The most common mistake that you can make is signing up for a two or three year contract to get a cheaper rate.  

    When you sign up for a really low rate in conjunction with a long term plan, you usually have to pay in advance.  So unless you can prove extreme technical negligence on the part of a low-cost web hosting company, you are out of luck getting your money back just because you think you got a raw deal.  They either won’t refund your money, or they will continue to charge your card, even if you try to cancel the account.  These contracts are iron clad.

     Most of web hosting companies have a 30-day money-back guarantee, but it works to their advantage and not to yours.  Think about it.  It may take you a couple of months to get your site up and running, only to find out that your third party software isn’t compatible (like the customer service rep said it would be) and your site doesn’t function the way you want it to.  If the thirty days is over, you will find it written in your contract that the cheap web hosting company you signed up with isn’t responsible.  

The best case in any situation is to sign up for a year or less and pay a few extra bucks.  

     A year isn’t that long of a time, and if you hate the company that much, it isn’t that much money to swallow.  Another piece of advice, though, is to spend the extra twenty dollars to make sure that you have independent ownership of your own domain name.  If you take the free domain name offered by the hosting company and you decide to break your contract, you have to pay for the rights to take the name as well as pay the rest of the contract.

It is important to find out who owns the servers.
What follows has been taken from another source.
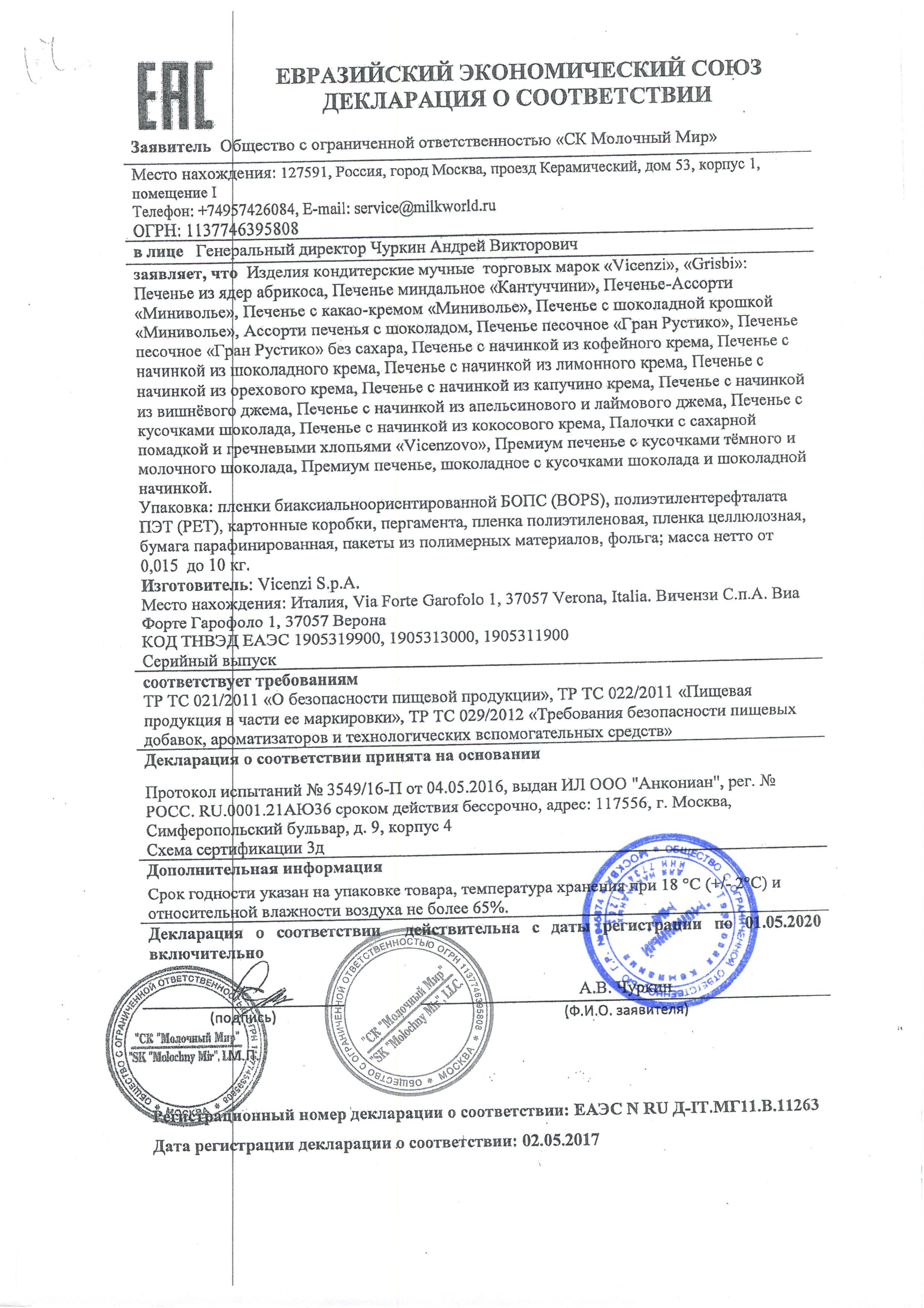 Сертификат на товар - Печенье сдобное Grisbi с ореховым кремом 150 г

     Another mistake is to check out the brand of computers a company uses for their servers without finding out if the hosting company owns them or not.  If a company leases space from another data center, they have no control over its physical location, its security, or its equipment.  This means that you could sign up with a company in New Jersey, only to find out they have a data center in Dallas.  When the center in Dallas goes down, the customer sales reps will have little information about when it will be up again.  Ask a customer sales rep before you sign a contract where the data center is.  If the web hosting company itself owns the data center, get as much information as you can, including the location, type of building, and how old the computers are.


Look out for ‘over-stuffed’ packages from budget web hosting companies.  

     A lot of the time, they will give you all kinds of software that you don’t need to make up for a lack of disk space and bandwidth.  This includes things like multiple free image galleries and site builders, unlimited sub-domains, unlimited numbers of addresses, advertising credits, multiple ways to blog, multiple kinds of shopping carts, and software that isn’t necessary for anything.  Ask yourself:  if you are only getting a limited amount of disk space or bandwidth, do you really need to be concerned about all of these extras?

Last but not least, you have to be honest with the hosting company on your own part.  

     Are you trying to load an enormously huge web site on to a cheaply-priced, shared web hosting plan?  Even if it says unlimited disk space and bandwidth in the advertising, the hosting company will spell it out in your contract.  They will also say that if you purposely abuse your hosting contract as a customer, they can drop you without a refund

It may sound like all web hosting companies are trying to pull a scam, but they aren’t.  

     You just have to ask a lot of questions before you sign a contract. And if you don’t know what you are doing, be prepared to suffer a few setbacks in the process of learning how to manage a website if you don’t ask a lot of questions first.